> _Exercise objective_
All the data that follows should be repeated exactly, without a single picture.

> _Extracted data_
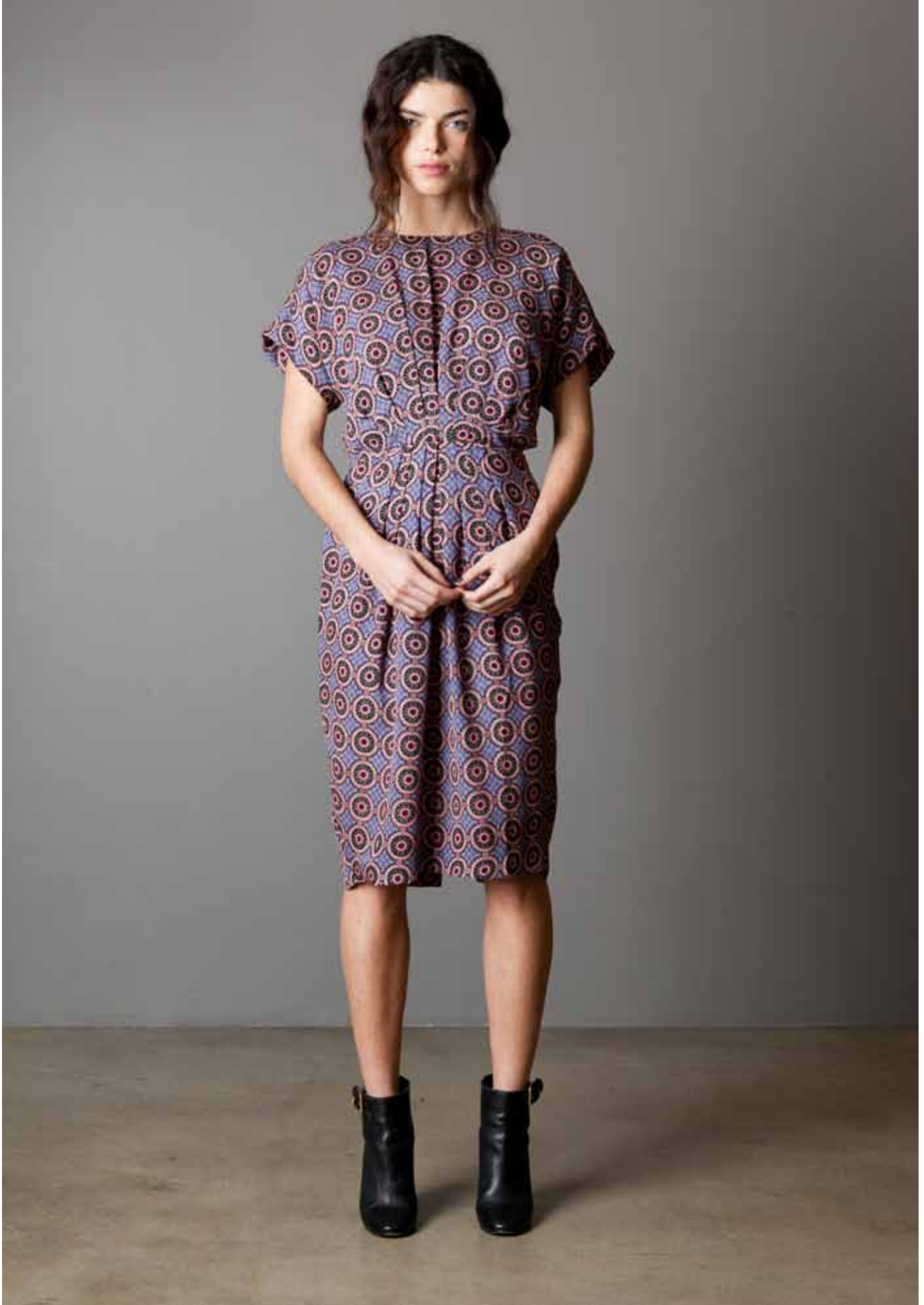
GABRIELLE SILK PLEATED TEE SHIRT DRESS IN TILE PRINT 1021
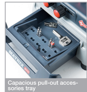
Capacious pull-out accessories tray
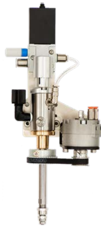
SC-280N Film Coater with Fourth Axis

Programmable applicator modes – spots, lines, and area coverage – provide powerful coating results. The SC-280 ensures a consistent fan pattern – even after idle – through the unique design that circulates heated fluid through the applicator extension maintaining a consistent nozzle
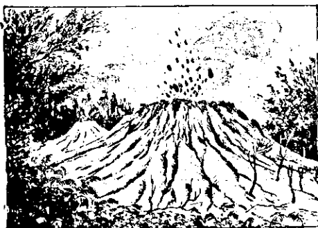
MUD VOLCANO ON THE ROAD TO WAIOTAPU.

See its lovely, Picturesque Lakes, its Magnificent Waterfalls and Rivers. Visit its great Fiords and Sounds. Climb its Towering Mountains, majestic in their immensity, and hoary with perpetual snow. Visit the Government "Hermitage Hotel," Mount Cook, under the shadow of the cloud-piercing Aorangi, 12,349 feet. (Thos. Cook & Son's Coupons accepted.) The home of the Tattooed Maori Warriors and their handsome, dusky daughters. Visit this wonderful country with its endless variety of beautiful and magnificent scenery which charms the senses, inspires the imagination and challenges comparison. Stalk its thousands of Wild Red Deer and Fallow Buck. Whip its rippling streams, teeming with Rainbow, Loch Leven and Brown Trout. For Pure Air, Pure Water, and a Temperate Climate. The Holiday Resort for the brain-weary and jaded man of business. The Ideal Home for the man of leisure. Four days from Australia. Seventeen days from San Francisco. Twenty-six days from London.
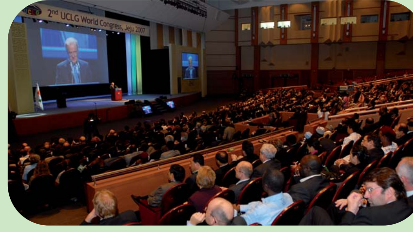
Congress in Jeju - October 2007

government closest to the citizens and reforming credit mechanisms and financial tools to enhance local governments' access to borrowing.
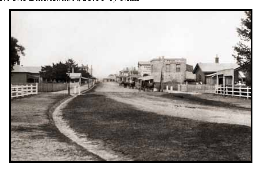
Main St as it was at the time of the 1892 Football Disaster
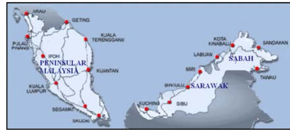
Fig. 1 Location of MASS stations in Peninsular Malaysia and Sabah and Sarawak.

The network of the MASS stations is remotely operated and managed from the Geodetic Data Processing Centre, Geodesy Section, DSMM, Kuala Lumpur. Each MASS station records in TRIMBLE proprietary formats and converts to RINEX with the Coarse Acquisition (C/A) code, P/Y code, L1/L2 carrier phases observable. The data format for all MASS stations is supplied in one-hour blocks with either in RINEX format or DAT format files.
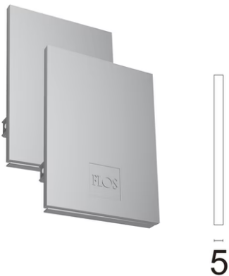
Metal End Cap. Recessed No Trim / Surface / Suspension Down. 100 mm (Colour Anodized Grey) 08.9054.02
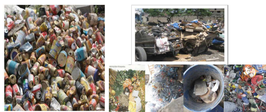
Figure 1. Commonly recycled solid waste types

the remaining 50% are buried, burned, or dumped by the road side or into drainage canals. However, the 10% recycled does not include animal dung that is sometimes used as fertilizers by horticulturalists, gardeners and food remains used to feed dogs and in piggery farms. When taken into account, these wastes may contribute another 10% of recycled waste. The materials that are usually known to be recycled are plastic and glass bottles, scrap metal, papers and aluminum cans as shown in Figure 1. So far, there has no recycling of ewaste though feasibility study shows that it is a profitable venture. Separation of recyclables suffers from a lack of knowledge regarding identification of materials, and appropriate techniques for handling, sorting, washing and grading.
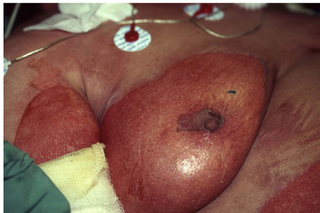
Figure 2 Closer view demonstrating the epidermolysis in the right breast.

treated with intravenous dextrose 5%, and the oral hypoglycemic medications were discontinued. Laboratory studies revealed hypomagnesemia (1.32 mg/dl), for which intravenous MgSO_4 was administered. Local treatment included Vaseline gauze dressings that were changed once a day.
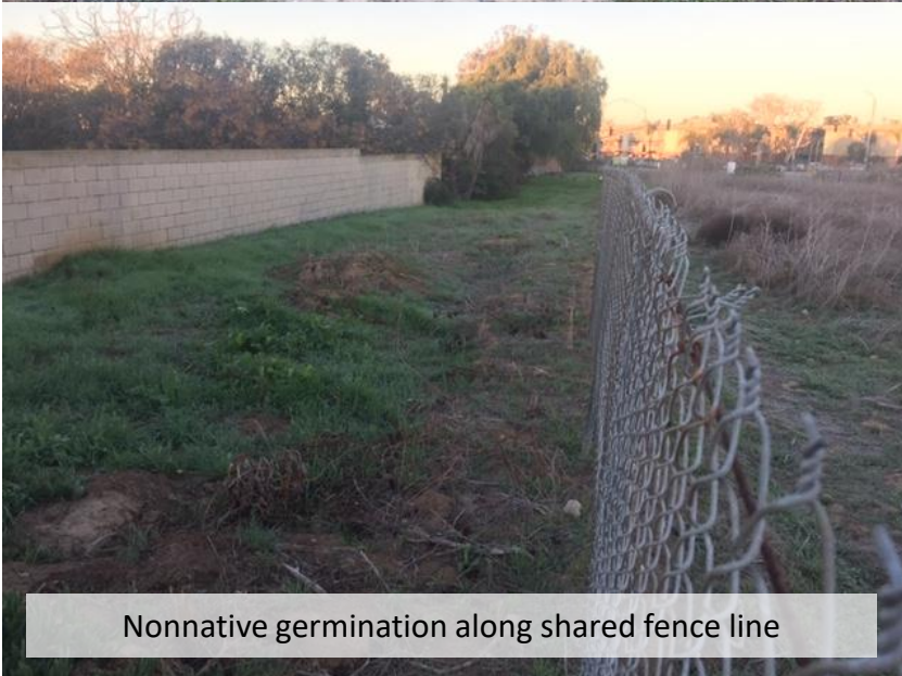
Nonnative germination along shared fence line
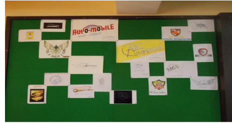
LOGO COMPETITION PARTICIPANTS

2. Logan Competition was held by RACE on 5 th April 2013.
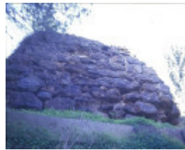
h00389 portarlington mill turner crt portarlington remains of rear boiler house she project 2003
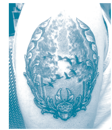
This year's theme and poster resonated so much with one participant that they had the artwork tattooed on their arm.
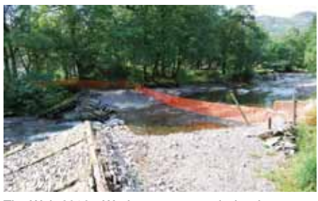
The Weir 2010 - Work starts to repair the damage

3. Sending a cheque to Accounts at Langdale - Payable to 'Langdale Leisure Ltd'
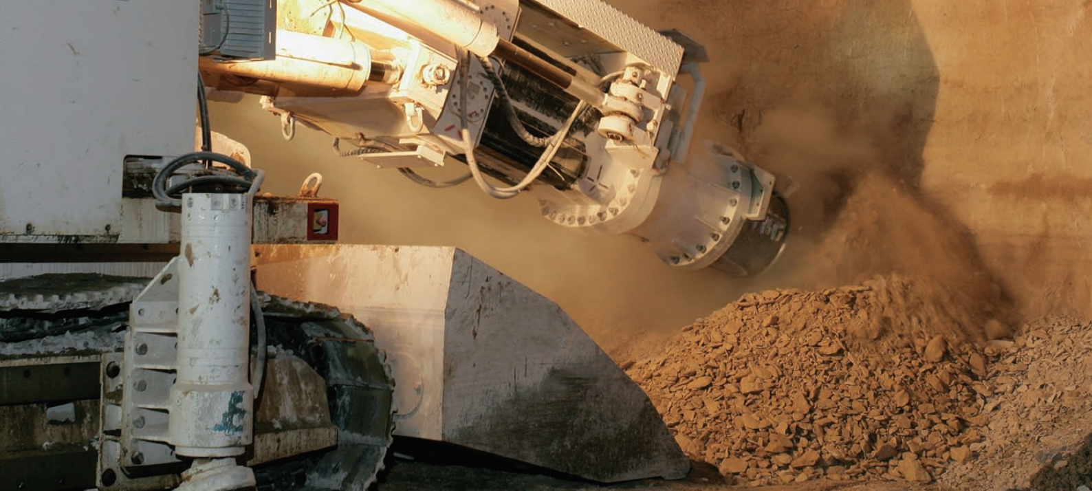
Eight roadheader machines have excavated more than 1.2 kilometres of tunnel.
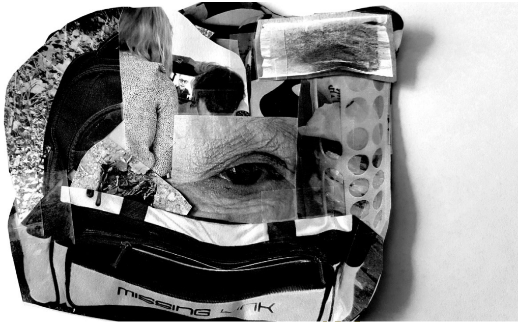
Figure 2 Cut

Cut. Bodies are troubled by those who appeared virtually in bags. Bodies-in-bags (I-Pads, Skype, Neil, Mirka Angelo) as fleeting figures of the absent/present, attendance as virtual and partial contained within bags. How might this text encompass these virtual engagements? How might these multiple I/i as thinking/writing/doing be remembered? Grosz's (1995, p. 21) question about 'the ways in which the author's corporeality ... intrudes into or is productive of the text' helps us re-member (materially reassemble) the traces of the then-virtual, now non-existent conference performances. Bags as unwavering and unwitting participants in their own representational capture of past, current and still-to-be events. Travelling onwards. Still sweaty in hearing those recordings, the virtual-material trace of bodies-in-bag-species.
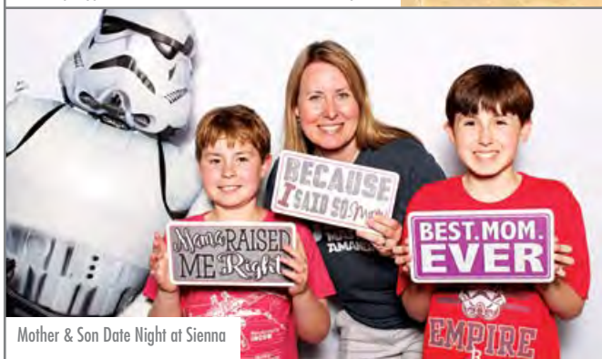
Mother & Son Date Night at Sienna
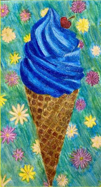
7. Leda Triandafillou
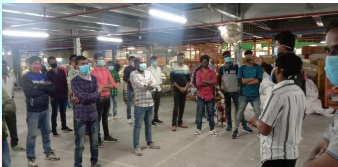
Figure 5 Consequences of at risk behaviour

Make sure the operator can safely load and unload the trolley (anything over 25 kg they'll need assistance – counting on the operator).
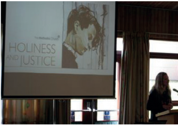
The Vice-President reminds us about justice, Sophie Scholl and the White Rose
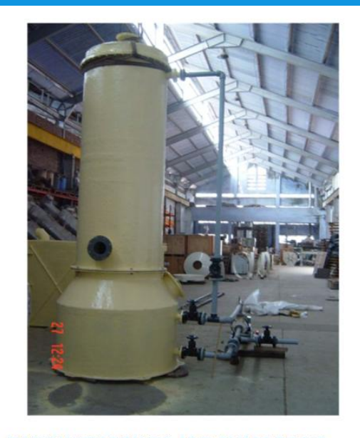
TANK WITH TOWER AND PUMP BEING TESTED IN FACTORY
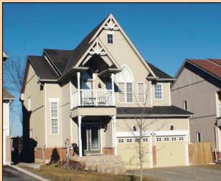
44 MEADOWGLEN BLVD. $629,900

Amazing Courtyard Design that'll blow your socks off...siding onto large evergreen trees and a brand new bungalow on the other side! Brand New...Over 2200 Square Feet of quality finishes on 1/2 acre. Town water, gas & cable...doesn't even feel like country yet you have the space. Fabulous open concept bungalow floor plan with granite countertops, solid raised panel maple kitchen cabinetry, 9 foot ceilings, gas fireplace, hardwood, berber, all brick, vinyl casement windows, triple car garage! Move in August/September!
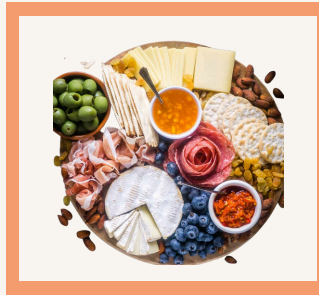
Charcuterie Board $60
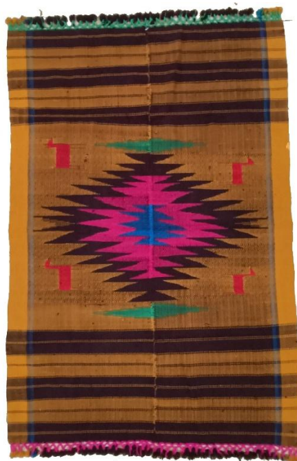
Figure 6: The remnants of sejade created by Jolla
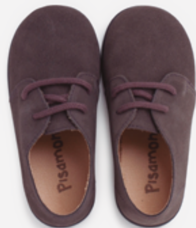
Suede lace-up brogues with thin sole (S. 3.5C-11.5C) £ 34.95
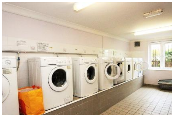
Residents' communal facilities and garden
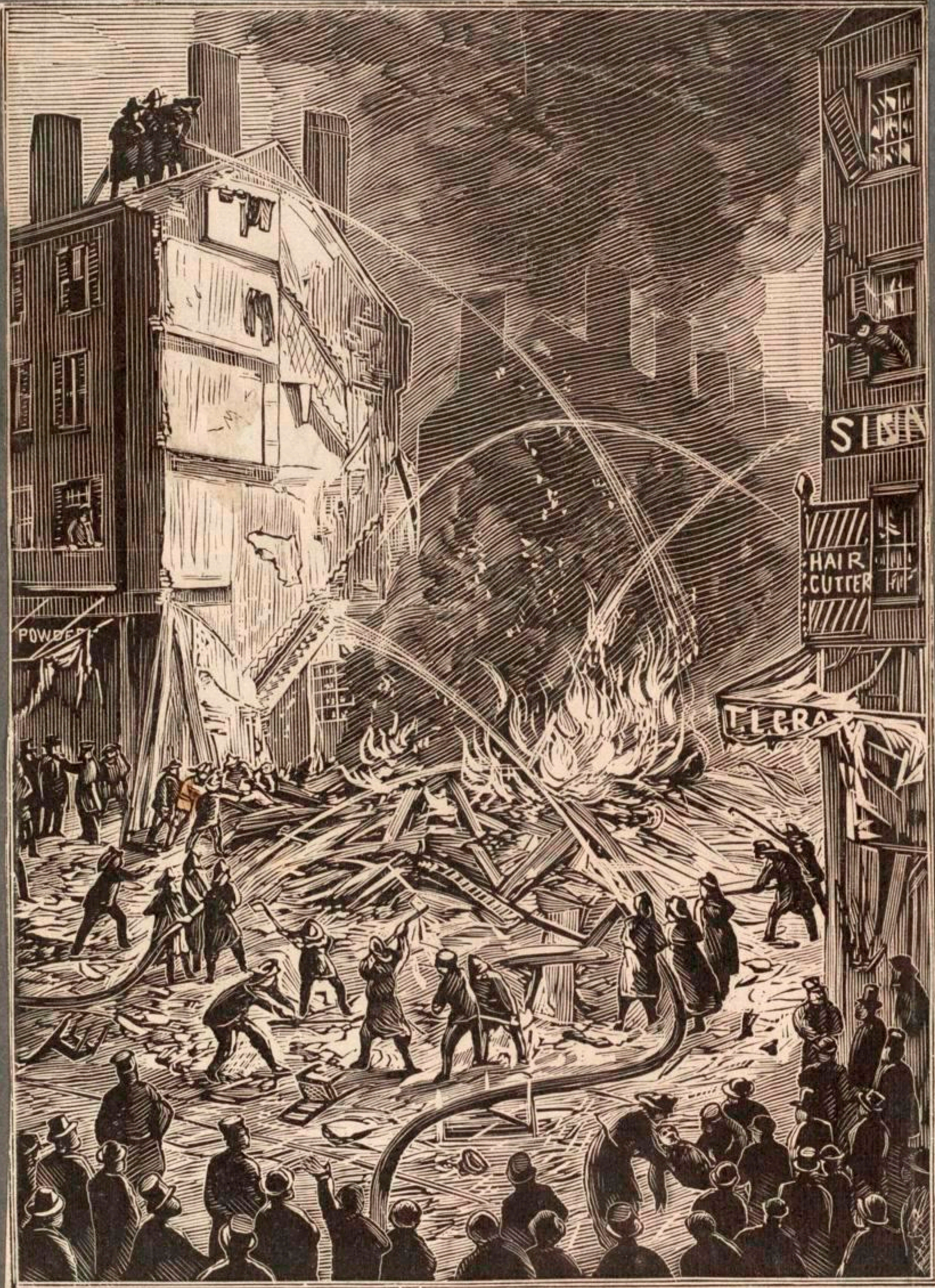
Scene after the terrible Explosion, cor. of Washington and Lagrange Streets, on May 26, 1875.
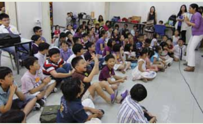
DP children being inspired
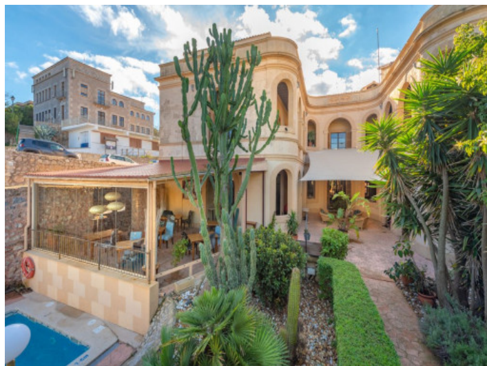
Exterior view of the hotel
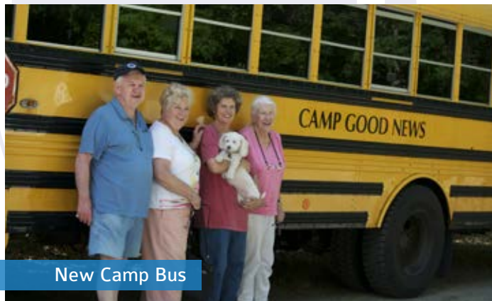
New Camp Bus
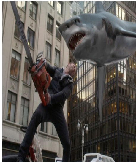
The main character of Sharknado preparing to slice a shark in half, with an oversized chainsaw.

Nothing is safe from the curse of the cheesy movie. Whether its bad concepts, bad editing, or ridiculous scenes, any movie can be affected. Even though they are bad, they often become "classics," and are watched over and over. Whether it be a tornado of sharks or a possessed serial killer doll, these movies will stick with you for a long time.
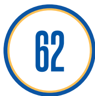
Number of diploma candidates registered in the session
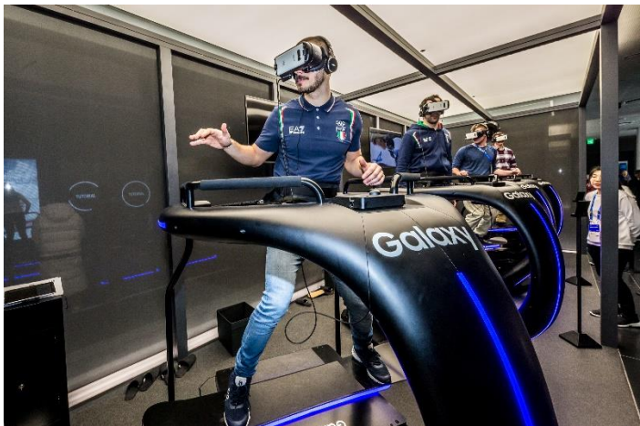
Snowboarder from Italy, Omar Visintin experiences simulated Olympic Snowboarding through 4D motion virtual reality at the Samsung Olympic Showcase in Gangneung Olympic Park in South Korea. The film is displayed through the Samsung Galaxy smartphone and compatible Gear VR.

> _Solution to the problem_
GABRIELLE SILK PLEATED TEE SHIRT DRESS IN TILE PRINT 1021
Capacious pull-out accessories tray
SC-280N Film Coater with Fourth Axis

Programmable applicator modes – spots, lines, and area coverage – provide powerful coating results. The SC-280 ensures a consistent fan pattern – even after idle – through the unique design that circulates heated fluid through the applicator extension maintaining a consistent nozzle
MUD VOLCANO ON THE ROAD TO WAIOTAPU.

See its lovely, Picturesque Lakes, its Magnificent Waterfalls and Rivers. Visit its great Fiords and Sounds. Climb its Towering Mountains, majestic in their immensity, and hoary with perpetual snow. Visit the Government "Hermitage Hotel," Mount Cook, under the shadow of the cloud-piercing Aorangi, 12,349 feet. (Thos. Cook & Son's Coupons accepted.) The home of the Tattooed Maori Warriors and their handsome, dusky daughters. Visit this wonderful country with its endless variety of beautiful and magnificent scenery which charms the senses, inspires the imagination and challenges comparison. Stalk its thousands of Wild Red Deer and Fallow Buck. Whip its rippling streams, teeming with Rainbow, Loch Leven and Brown Trout. For Pure Air, Pure Water, and a Temperate Climate. The Holiday Resort for the brain-weary and jaded man of business. The Ideal Home for the man of leisure. Four days from Australia. Seventeen days from San Francisco. Twenty-six days from London.
Congress in Jeju - October 2007

government closest to the citizens and reforming credit mechanisms and financial tools to enhance local governments' access to borrowing.
Main St as it was at the time of the 1892 Football Disaster
Fig. 1 Location of MASS stations in Peninsular Malaysia and Sabah and Sarawak.

The network of the MASS stations is remotely operated and managed from the Geodetic Data Processing Centre, Geodesy Section, DSMM, Kuala Lumpur. Each MASS station records in TRIMBLE proprietary formats and converts to RINEX with the Coarse Acquisition (C/A) code, P/Y code, L1/L2 carrier phases observable. The data format for all MASS stations is supplied in one-hour blocks with either in RINEX format or DAT format files.
Metal End Cap. Recessed No Trim / Surface / Suspension Down. 100 mm (Colour Anodized Grey) 08.9054.02
Figure 1. Commonly recycled solid waste types

the remaining 50% are buried, burned, or dumped by the road side or into drainage canals. However, the 10% recycled does not include animal dung that is sometimes used as fertilizers by horticulturalists, gardeners and food remains used to feed dogs and in piggery farms. When taken into account, these wastes may contribute another 10% of recycled waste. The materials that are usually known to be recycled are plastic and glass bottles, scrap metal, papers and aluminum cans as shown in Figure 1. So far, there has no recycling of ewaste though feasibility study shows that it is a profitable venture. Separation of recyclables suffers from a lack of knowledge regarding identification of materials, and appropriate techniques for handling, sorting, washing and grading.
Figure 2 Closer view demonstrating the epidermolysis in the right breast.

treated with intravenous dextrose 5%, and the oral hypoglycemic medications were discontinued. Laboratory studies revealed hypomagnesemia (1.32 mg/dl), for which intravenous MgSO_4 was administered. Local treatment included Vaseline gauze dressings that were changed once a day.
Nonnative germination along shared fence line
LOGO COMPETITION PARTICIPANTS

2. Logan Competition was held by RACE on 5 th April 2013.
h00389 portarlington mill turner crt portarlington remains of rear boiler house she project 2003
This year's theme and poster resonated so much with one participant that they had the artwork tattooed on their arm.
The Weir 2010 - Work starts to repair the damage

3. Sending a cheque to Accounts at Langdale - Payable to 'Langdale Leisure Ltd'
Eight roadheader machines have excavated more than 1.2 kilometres of tunnel.
Figure 2 Cut

Cut. Bodies are troubled by those who appeared virtually in bags. Bodies-in-bags (I-Pads, Skype, Neil, Mirka Angelo) as fleeting figures of the absent/present, attendance as virtual and partial contained within bags. How might this text encompass these virtual engagements? How might these multiple I/i as thinking/writing/doing be remembered? Grosz's (1995, p. 21) question about 'the ways in which the author's corporeality ... intrudes into or is productive of the text' helps us re-member (materially reassemble) the traces of the then-virtual, now non-existent conference performances. Bags as unwavering and unwitting participants in their own representational capture of past, current and still-to-be events. Travelling onwards. Still sweaty in hearing those recordings, the virtual-material trace of bodies-in-bag-species.
Mother & Son Date Night at Sienna
7. Leda Triandafillou
Figure 5 Consequences of at risk behaviour

Make sure the operator can safely load and unload the trolley (anything over 25 kg they'll need assistance – counting on the operator).
The Vice-President reminds us about justice, Sophie Scholl and the White Rose
TANK WITH TOWER AND PUMP BEING TESTED IN FACTORY
44 MEADOWGLEN BLVD. $629,900

Amazing Courtyard Design that'll blow your socks off...siding onto large evergreen trees and a brand new bungalow on the other side! Brand New...Over 2200 Square Feet of quality finishes on 1/2 acre. Town water, gas & cable...doesn't even feel like country yet you have the space. Fabulous open concept bungalow floor plan with granite countertops, solid raised panel maple kitchen cabinetry, 9 foot ceilings, gas fireplace, hardwood, berber, all brick, vinyl casement windows, triple car garage! Move in August/September!
Charcuterie Board $60
Figure 6: The remnants of sejade created by Jolla
Suede lace-up brogues with thin sole (S. 3.5C-11.5C) £ 34.95
Residents' communal facilities and garden
Scene after the terrible Explosion, cor. of Washington and Lagrange Streets, on May 26, 1875.
DP children being inspired
Exterior view of the hotel
New Camp Bus
The main character of Sharknado preparing to slice a shark in half, with an oversized chainsaw.

Nothing is safe from the curse of the cheesy movie. Whether its bad concepts, bad editing, or ridiculous scenes, any movie can be affected. Even though they are bad, they often become "classics," and are watched over and over. Whether it be a tornado of sharks or a possessed serial killer doll, these movies will stick with you for a long time.
Number of diploma candidates registered in the session
Snowboarder from Italy, Omar Visintin experiences simulated Olympic Snowboarding through 4D motion virtual reality at the Samsung Olympic Showcase in Gangneung Olympic Park in South Korea. The film is displayed through the Samsung Galaxy smartphone and compatible Gear VR.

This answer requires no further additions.